東芝デバイス&ストレージは5月23日、グループ会社である加賀東芝エレクトロニクス(石川県能美市)にて、300mmウエハー対応パワー半導体新製造棟、および新事務所棟の竣工式を行ったことを発表した。
今回竣工したのは新製造棟の第1期分となる。装置の搬入を進め、2024年度下期より本格的な生産を開始予定としている。第1期フル稼働時には、低耐圧MOSFET、IGBTを中心とするパワー半導体の生産能力を、本建設を決定した2021年度比で2.5倍に増強する計画だ。第2期については、市場の動向を見ながら建設と稼働開始の時期を決定していく。
新製造棟は、地震の揺れを吸収する免震構造の採用や電源の2重化などを通じてBCP(事業継続計画)を強化。また、再生可能エネルギー由来の電力活用や、屋上への太陽光発電設備(オンサイトPPAモデル)設置などにより、使用する電力を100%再生可能エネルギー由来でまかなう。さらに、AI活用などを通じて、製品品質および生産効率をより向上させる。

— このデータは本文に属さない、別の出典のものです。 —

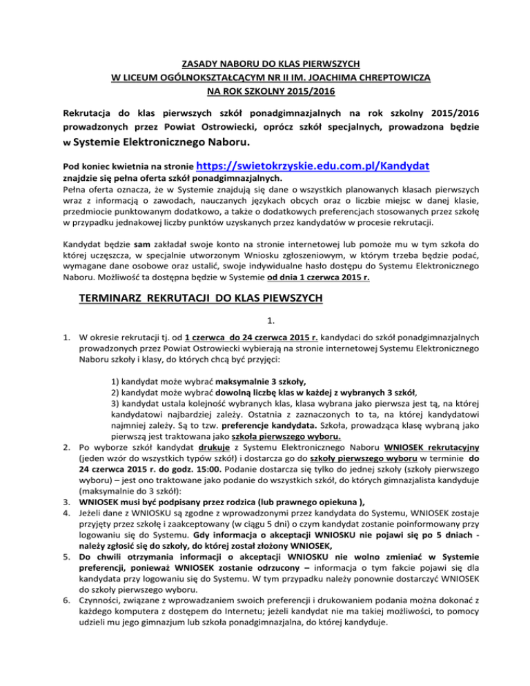 ZASADY NABORU DO KLAS PIERWSZYCH W LICEUM OGÓLNOKSZTAŁCĄCYM NR II IM. JOACHIMA CHREPTOWICZA NA ROK SZKOLNY 2015/2016 Rekrutacja do klas pierwszych szkół ponadgimnazjalnych na rok szkolny 2015/2016 prowadzonych przez Powiat Ostrowiecki, oprócz szkół specjalnych, prowadzona będzie w Systemie Elektronicznego Naboru. Pod koniec kwietnia na stronie https://swietokrzyskie.edu.com.pl/Kandydat znajdzie się pełna oferta szkół ponadgimnazjalnych. Pełna oferta oznacza, że w Systemie znajdują się dane o wszystkich planowanych klasach pierwszych wraz z informacją o zawodach, nauczanych językach obcych oraz o liczbie miejsc w danej klasie, przedmiocie punktowanym dodatkowo, a także o dodatkowych preferencjach stosowanych przez szkołę w przypadku jednakowej liczby punktów uzyskanych przez kandydatów w procesie rekrutacji. Kandydat będzie sam zakładał swoje konto na stronie internetowej lub pomoże mu w tym szkoła do której uczęszcza, w specjalnie utworzonym Wniosku zgłoszeniowym, w którym trzeba będzie podać, wymagane dane osobowe oraz ustalić, swoje indywidualne hasło dostępu do Systemu Elektronicznego Naboru. Możliwość ta dostępna będzie w Systemie od dnia 1 czerwca 2015 r. TERMINARZ REKRUTACJI DO KLAS PIEWSZYCH 1. 1. W okresie rekrutacji tj. od 1 czerwca do 24 czerwca 2015 r. kandydaci do szkół ponadgimnazjalnych prowadzonych przez Powiat Ostrowiecki wybierają na stronie internetowej Systemu Elektronicznego Naboru szkoły i klasy, do których chcą być przyjęci: 2. 3. 4. 5. 6. 1) kandydat może wybrać maksymalnie 3 szkoły, 2) kandydat może wybrać dowolną liczbę klas w każdej z wybranych 3 szkół, 3) kandydat ustala kolejność wybranych klas, klasa wybrana jako pierwsza jest tą, na której kandydatowi najbardziej zależy. Ostatnia z zaznaczonych to ta, na której kandydatowi najmniej zależy. Są to tzw. preferencje kandydata. Szkoła, prowadząca klasę wybraną jako pierwszą jest traktowana jako szkoła pierwszego wyboru. Po wyborze szkół kandydat drukuje z Systemu Elektronicznego Naboru WNIOSEK rekrutacyjny (jeden wzór do wszystkich typów szkół) i dostarcza go do szkoły pierwszego wyboru w terminie do 24 czerwca 2015 r. do godz. 15:00. Podanie dostarcza się tylko do jednej szkoły (szkoły pierwszego wyboru) – jest ono traktowane jako podanie do wszystkich szkół, do których gimnazjalista kandyduje (maksymalnie do 3 szkół): WNIOSEK musi być podpisany przez rodzica (lub prawnego opiekuna ), Jeżeli dane z WNIOSKU są zgodne z wprowadzonymi przez kandydata do Systemu, WNIOSEK zostaje przyjęty przez szkołę i zaakceptowany (w ciągu 5 dni) o czym kandydat zostanie poinformowany przy logowaniu się do Systemu. Gdy informacja o akceptacji WNIOSKU nie pojawi się po 5 dniach należy zgłosić się do szkoły, do której został złożony WNIOSEK, Do chwili otrzymania informacji o akceptacji WNIOSKU nie wolno zmieniać w Systemie preferencji, ponieważ WNIOSEK zostanie odrzucony – informacja o tym fakcie pojawi się dla kandydata przy logowaniu się do Systemu. W tym przypadku należy ponownie dostarczyć WNIOSEK do szkoły pierwszego wyboru. Czynności, związane z wprowadzaniem swoich preferencji i drukowaniem podania można dokonać z każdego komputera z dostępem do Internetu; jeżeli kandydat nie ma takiej możliwości, to pomocy udzieli mu jego gimnazjum lub szkoła ponadgimnazjalna, do której kandyduje. 2. Od 1 do 24 czerwca 2015 r. do godz. 15:00 kandydaci do szkół ponadgimnazjalnych prowadzonych przez Powiat Ostrowiecki mogą zmienić swoje preferencje w Systemie Elektronicznego Naboru. W tym przypadku kandydat musi ponownie wydrukować i złożyć podanie do szkoły pierwszego wyboru, która anuluje poprzedni wybór. 3. Po dniu 24 czerwca 2015 r. kandydaci nie mają dostępu do Systemu Elektronicznego Naboru w zakresie dotyczącym zmiany preferencji. 4. Od 1 czerwca 2015 r. kandydaci mogą po zalogowaniu się do Systemu sprawdzić, ilu jest chętnych do klas, do których dokonali wyboru. 5. Do 1 lipca 2015 r. do godz. 15:00 kandydaci: 1) wprowadzają do Systemu oceny jakie uzyskali na świadectwie ukończenia gimnazjum, liczbę punktów z egzaminu gimnazjalnego oraz inne osiągnięcia (wpisane na świadectwie), 2) którzy zostali zwolnieni z egzaminu gimnazjalnego mają przyznawane punkty za oceny ze świadectwa i inne osiągnięcia, a uzyskaną w ten sposób liczbę punktów mnożą przez 2, 3) doręczają do szkoły, do której złożyli podanie (szkoły pierwszego wyboru) tyle kopii świadectwa oraz tyle kopii zaświadczenia o wyniku egzaminu gimnazjalnego, ile szkół wybrali w systemie,(maksymalnie trzy) 4) kandydaci ubiegający się o przyjęcie do klasy pierwszej szkoły ponadgimnazjalnej prowadzących kształcenie zawodowe dostarczają także zaświadczenie lekarskie o braku przeciwwskazań zdrowotnych do kształcenia w określonym zawodzie, 5) szkoła ponadgimnazjalna weryfikuje prawidłowość wprowadzonych danych ze świadectwa i zaświadczenia o wyniku egzaminu gimnazjalnego, a następnie zatwierdza je w Systemie. 6. 3 lipca 2015 r. o godz. 12:00 następuje ogłoszenie wstępnych list kandydatów zakwalifikowanych do przyjęcia. Kandydat zostaje przez system przypisany tylko do jednej klasy w jednej szkole – do najwyższego określonego w preferencjach wyboru kandydata, do której kwalifikuje go uzyskana liczba punktów. Pozostałe niżej zaznaczone w preferencjach wybory nie są przez System rozpatrywane. 7. Od 3 lipca od godz. 13.00 do 7 lipca 2015 r. do godz. 15:00 kandydaci poświadczają wolę nauki w danej szkole doręczając oryginał świadectwa i oryginał zaświadczenia o wyniku egzaminu gimnazjalnego do szkoły, do której zostali przyjęci. NIE DORĘCZENIE ORYGINAŁÓW OZNACZA REZYGNACJĘ Z MIEJSCA I BRAK PRZYPISANIA DO JAKIEJKOLWIEK SZKOŁY. 8. W dniu 8 lipca 2015 r. do godz. 12:00 następuje ogłoszenie list przyjętych do szkół na podstawie oryginałów świadectw i oryginałów zaśw

設備投資の一部には、経済産業省から「半導体の安定供給確保のための取組に関する計画(供給確保計画)」に基づく助成金の交付を受ける予定だ。
同社は、加賀東芝エレクトロニクス既存棟において、2022年度下期より300mmウエハーを用いたパワー半導体を生産しており、新製造棟の稼働開始により、パワー半導体の生産能力をさらに拡大する。